**GIVEN RECORDS**

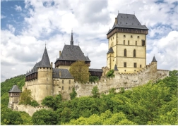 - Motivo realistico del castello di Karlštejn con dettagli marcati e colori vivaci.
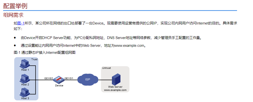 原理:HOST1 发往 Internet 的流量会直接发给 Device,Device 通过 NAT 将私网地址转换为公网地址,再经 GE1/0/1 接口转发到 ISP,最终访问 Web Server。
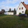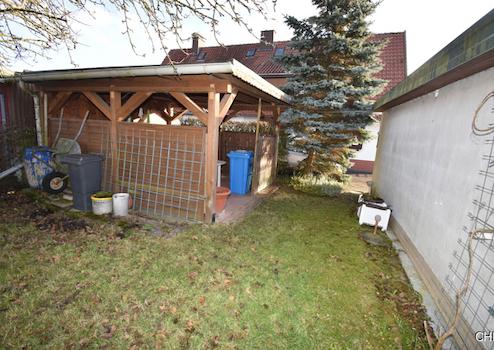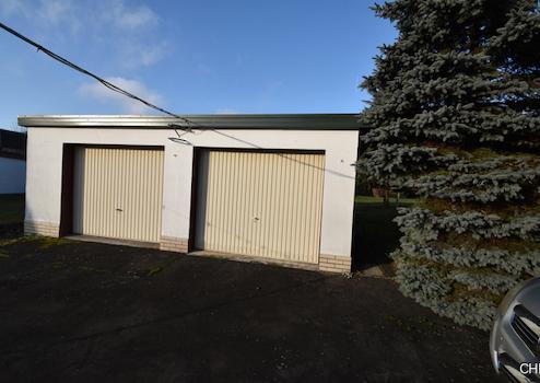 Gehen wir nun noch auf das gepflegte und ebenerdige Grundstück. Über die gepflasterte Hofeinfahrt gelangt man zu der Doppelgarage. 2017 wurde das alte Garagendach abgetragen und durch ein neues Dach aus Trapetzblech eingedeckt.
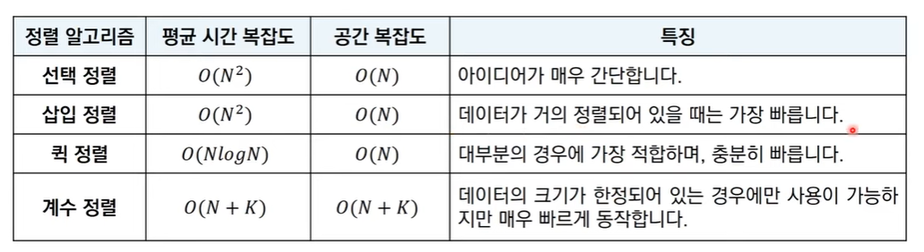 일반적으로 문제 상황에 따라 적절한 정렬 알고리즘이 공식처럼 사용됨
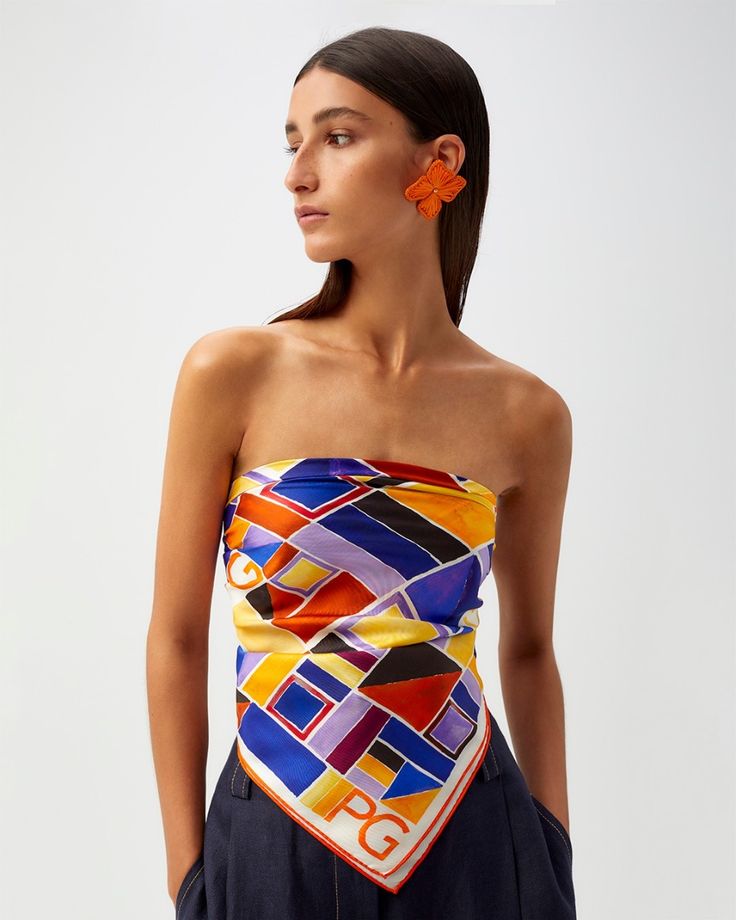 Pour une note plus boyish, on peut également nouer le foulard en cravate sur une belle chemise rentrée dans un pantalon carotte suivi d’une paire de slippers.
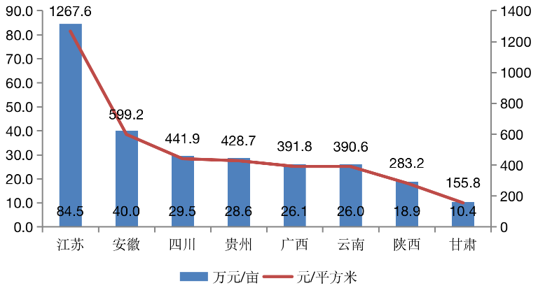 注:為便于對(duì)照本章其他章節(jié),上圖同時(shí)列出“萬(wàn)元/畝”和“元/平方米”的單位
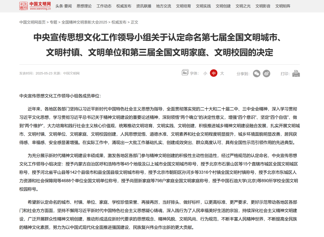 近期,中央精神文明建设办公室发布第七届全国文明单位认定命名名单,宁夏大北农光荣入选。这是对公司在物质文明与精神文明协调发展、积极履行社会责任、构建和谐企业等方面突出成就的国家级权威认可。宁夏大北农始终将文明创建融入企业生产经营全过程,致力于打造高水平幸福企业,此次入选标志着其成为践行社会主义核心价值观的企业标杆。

**YOUR TASK**
Repeat each line of the material, unaltered, from the first through the line with "原理:HOST1 发往 Internet", and include no pictures.

**FINISHED TASK**
 - Motivo realistico del castello di Karlštejn con dettagli marcati e colori vivaci.
 原理:HOST1 发往 Internet 的流量会直接发给 Device,Device 通过 NAT 将私网地址转换为公网地址,再经 GE1/0/1 接口转发到 ISP,最终访问 Web Server。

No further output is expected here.